2731,2024-12,wYKHZ0iyjfd,2
2732,2024-12,xGQwwqLQ819,0
2733,2024-12,yP2GELa6inf,0
2734,2024-12,ycBkX3TlIrL,0


## Filter to districts and align time axis

In [38]:
# Keep only locations present in the GeoJSON backbone
before = len(disease)
disease = disease.merge(locations[["location"]], on="location", how="inner")
after = len(disease)
print(f"Backbone filter kept {after}/{before} rows")

# Build full (time_period x location) grid and fill missing with 0
all_months = pd.period_range(disease["time_period"].min(), disease["time_period"].max(), freq="M").astype(str)
all_locations = locations["location"].sort_values().unique()

grid = pd.MultiIndex.from_product([all_months, all_locations], names=["time_period", "location"]).to_frame(index=False)

disease_full = grid.merge(disease, on=["time_period", "location"], how="left")
disease_full["disease_cases"] = disease_full["disease_cases"].fillna(0)

# Keep integer-looking values as ints where possible
disease_full["disease_cases"] = pd.to_numeric(disease_full["disease_cases"], errors="coerce").fillna(0).astype(int)
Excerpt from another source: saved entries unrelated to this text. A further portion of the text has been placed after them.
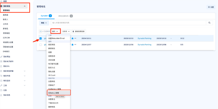 选择想要在Sedo出售的域名,点击“操作”下拉按钮,选择“在Sedo上销售”。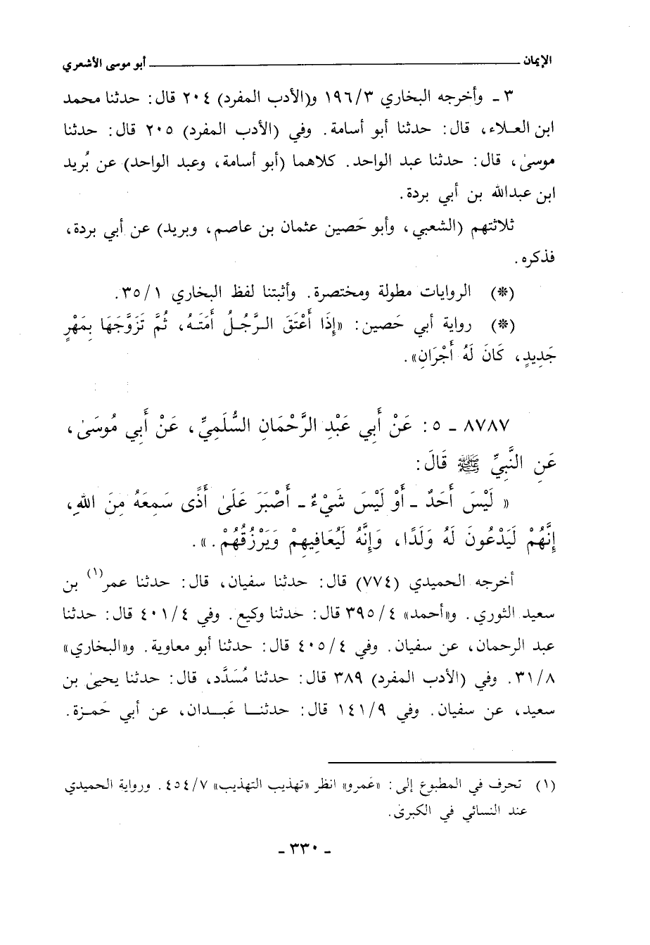 أخرجه الحميدىِ (٧٧٤) قال: حدَّثنا سفيان، قال: حدَّثنا عمر بن سعيد الثوريَ. و) أحمد (٤/ ٣٩٥ قال: حدَّثنا وكيع. وفي ٤/ ٤٠١ قال: حدَّثنا عبد الرحمن، عن سفيان. وفي ٤/ ٤٠٥ قال: حدَّثنا أبو معاوية. و) البخاريَ (٨/ ٣١. وفي "الأدب المفرد" ٣٨٩ قال: حدَّثنا مُسَدَّد، قال: حدَّثنا يحيى بن سعيد، عن سفيان. وفي ٩/ ١٤١ قال: حدَّثنا عَبدان، عن أبي حَمزة.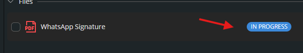 Once sent, the document status will change to In progress, indicating that the signature request has been delivered.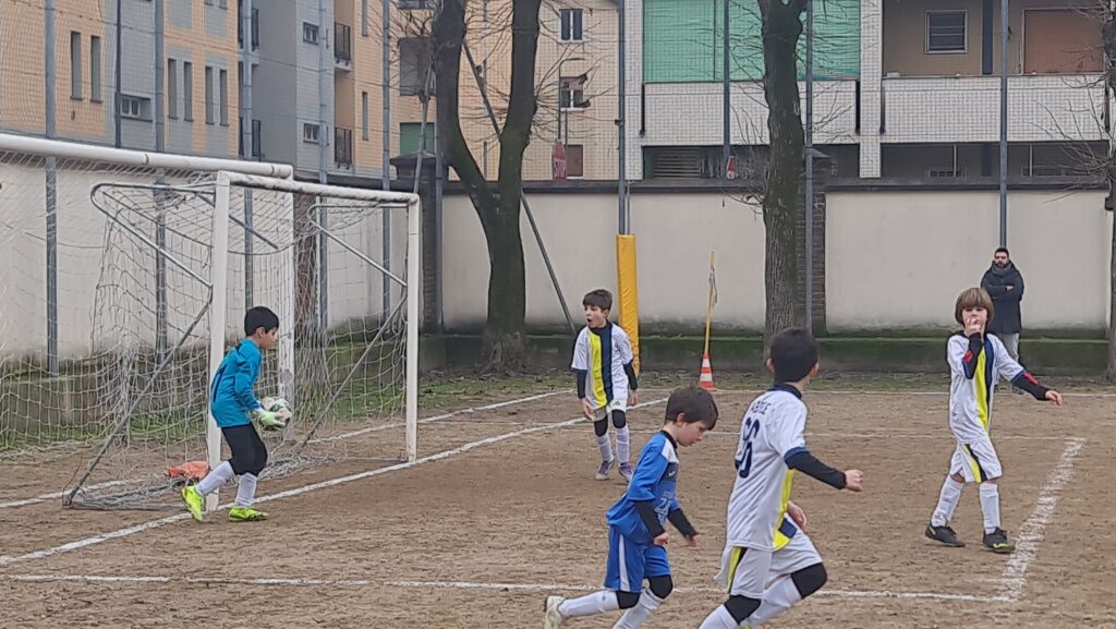 Il Rosario prova subito a sbloccare il risultato con manovre avvolgenti. I nostri Under 9 resistono e allontanano la minaccia. Nicolò compie un grande intervento deviando un tiro insidioso indirizzato nell’angolo lontano.
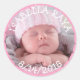 Etiquetas de fotos de bebês com nome e data de nascimento.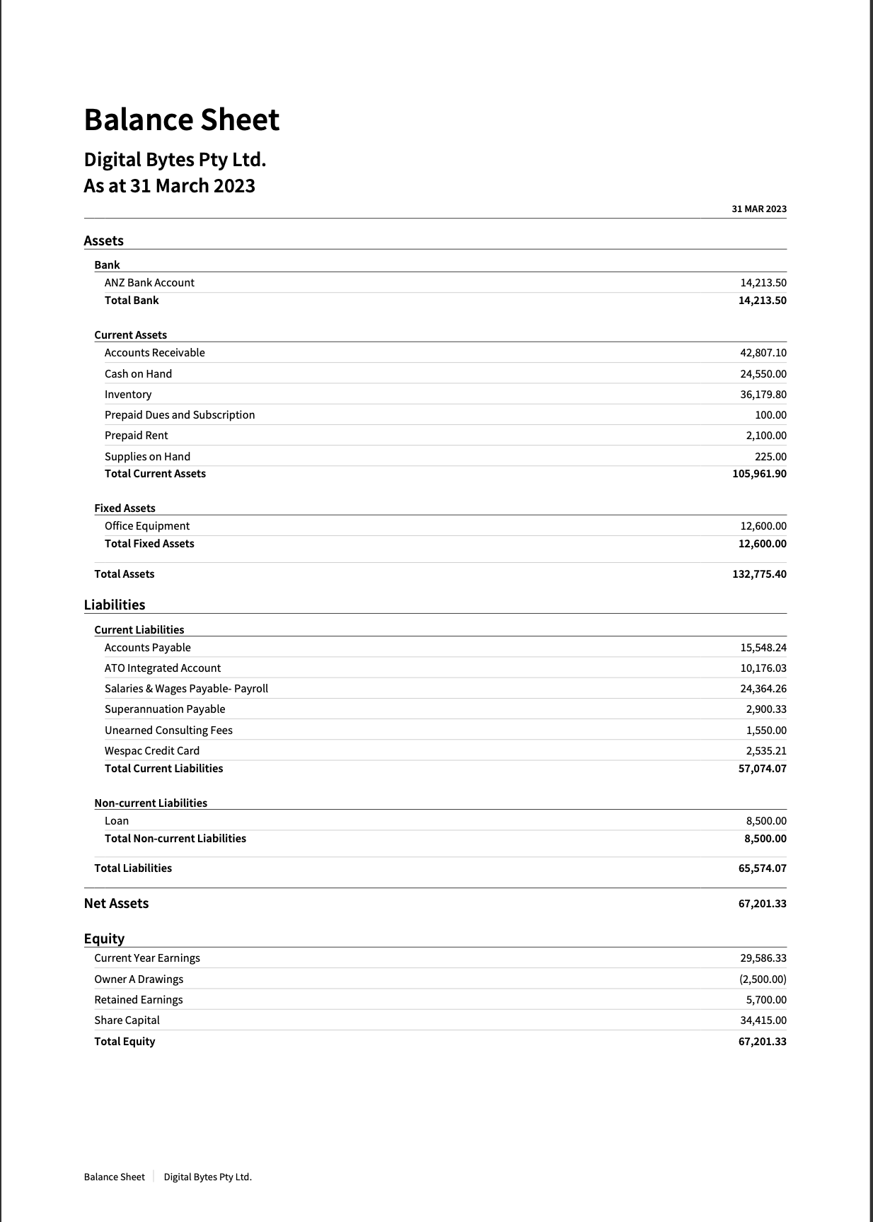 Xero Financial Report

print("Final rows (complete grid):", len(disease_full))
disease_full

Backbone filter kept 2736/2736 rows
Final rows (complete grid): 2772


Unnamed: 0,time_period,location,disease_cases
0,2022-01,A3R7UT64jHf,0
1,2022-01,A3TeVhjjS2u,0
2,2022-01,B7X957nA1lM,0
3,2022-01,BITtrV4c0xf,0
4,2022-01,BdLcDbLQd88,0
...,...,...,...
2767,2024-12,wYKHZ0iyjfd,2
2768,2024-12,xGQwwqLQ819,0
2769,2024-12,yP2GELa6inf,0
2770,2024-12,ycBkX3TlIrL,0


## Write output CSV

In [39]:
disease_full.to_csv(OUT_CSV, index=False)
print("Wrote:", OUT_CSV)
OUT_CSV

Wrote: ..\..\data\nepal-dengue-harmonized.csv


WindowsPath('../../data/nepal-dengue-harmonized.csv')

## Next steps

This guide stops after downloading and producing a harmonized, DHIS2-ready OpenDengue dataset for Nepal.

To import the resulting data into DHIS2, see the section for [importing data to DHIS2](../../import-data/intro.md).